К вечеру распогодилось; я поднялся на холм, возвышавшийся над заливом, и в подзорную трубу увидел Эбербинга и Кудлу, медленно продвигавшихся неподалеку от того места, где было сооружено наше второе иглу. Всю эту ночь и следующий день я почти не мог шевельнуться, обессилев из-за нехватки пищи. Весь мой дневной рацион состоял из кусочка китовой кожи.
Вечером я пошел к Угарнгу. Он только что вернулся с охоты на тюленей, просидев два дня и ночь у тюленьей полыньи. Но единственной наградой за все его терпение и труды было то, что он увидел, как тюлень появился из-подо льда, сделал вдох и опять исчез. Что же касается Угарнга, то одним разочарованным иннуитом стало больше. Но он отнесся к этому разочарованию как истинный философ, сказав на родном языке: «Завтра утром снова пойду».

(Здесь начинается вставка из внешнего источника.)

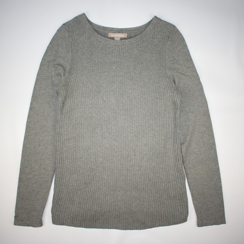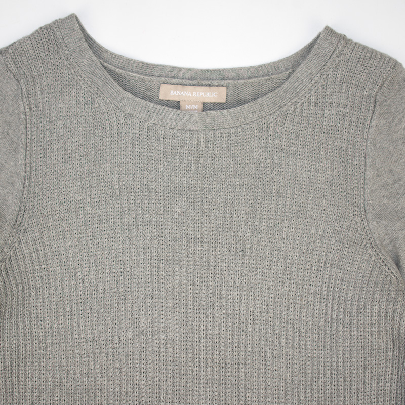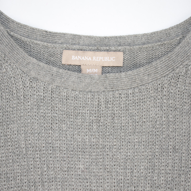 1135.바나나리퍼블릭 캐시미어 니트티셔츠/정품/여성M색상: 그레이소재: 면70%,나일론25%,캐시미어5%라벨사이즈: M실측(cm) - 어깨: 35cm, 가슴반품: 42cm, 총기장: 66cm, 소매길이: 63cm
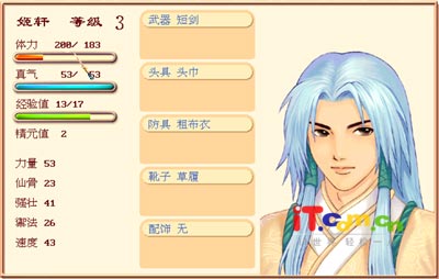 1、运行并开始玩“幻想三国志”游戏。找到游戏中需要修改的数值,如图2所示。这是游戏中某一个主人公的特性。其中体力值用53/183表示,也就是最大体力值为183,当前体力值为53。现在我们要将当前体力值53修改一下。

И действительно, утром, которое было на редкость хорошим, Угарнг опять отправился на промысел. Но и на следующий день он возвратился с пустыми руками, хотя просидел у полыньи всю ночь. Для нас это было большой бедой. Мы теперь не могли даже развести огонь, пока не добудем тюленя. Посетив иглу Угарнга, я убедился, что у него положение не лучше нашего. Его жена Никуджар сидела в одиночестве, если не считать ее ребенка от Угарнга и Кукуйер — дочери от другого мужа. Света у них не было. Ребенок вел себя беспокойно; по словам матери, он был голоден. — «Моя молока нет. Мясо конец. Ворвань тоже. Есть нечего. Свету нет. Тепла нет. Надо ждать тюлень».
Пока я ждал, пришла вторая жена Угарнга и сообщила, что охотники все еще сидят у полыньи. Вскоре возвратился другой эскимос, Джек, и тоже с пустыми руками. Печально, очень печально! Сам я находился в тяжелом состоянии и чувствовал себя отвратительно. Но хуже всего было видеть мучения этих несчастных людей и сознавать, что ничем не сможешь им помочь, пока не появится Эбербинг и не принесет продуктов с корабля. У меня остался только кусок черной кожи, который я и грыз с наслаждением. Теперь я мог бы съесть все, что дало бы необходимое количество калорий и превратилось бы в кости и мышцы. Как-то ночью я спросил Тукулито, нельзя ли мне отведать висевшие в иглу почерневшие объедки. Я знал, что женщина оставила их для собак, но был так голоден, что мне страшно хотелось их съесть. Тукулито ответила, что не может даже вообразить, как я стану есть такую дрянь. От одной мысли об этом ее чуть не стошнило. И я больше не настаивал. Но вскоре эти объедки исчезли. Пьюнни (третья жена Угарнга) препроводила их в свой желудок!
Угарнг вернулся поздно и опять с пустыми руками, Тукулито подала ему только чашку чаю, какой она сумела приготовить. У нас не было ни нужного света, ни топлива, чтобы подать хороший чай. Подкрепившись этим напитком, Угарнг сразу же опять отправился на промысел.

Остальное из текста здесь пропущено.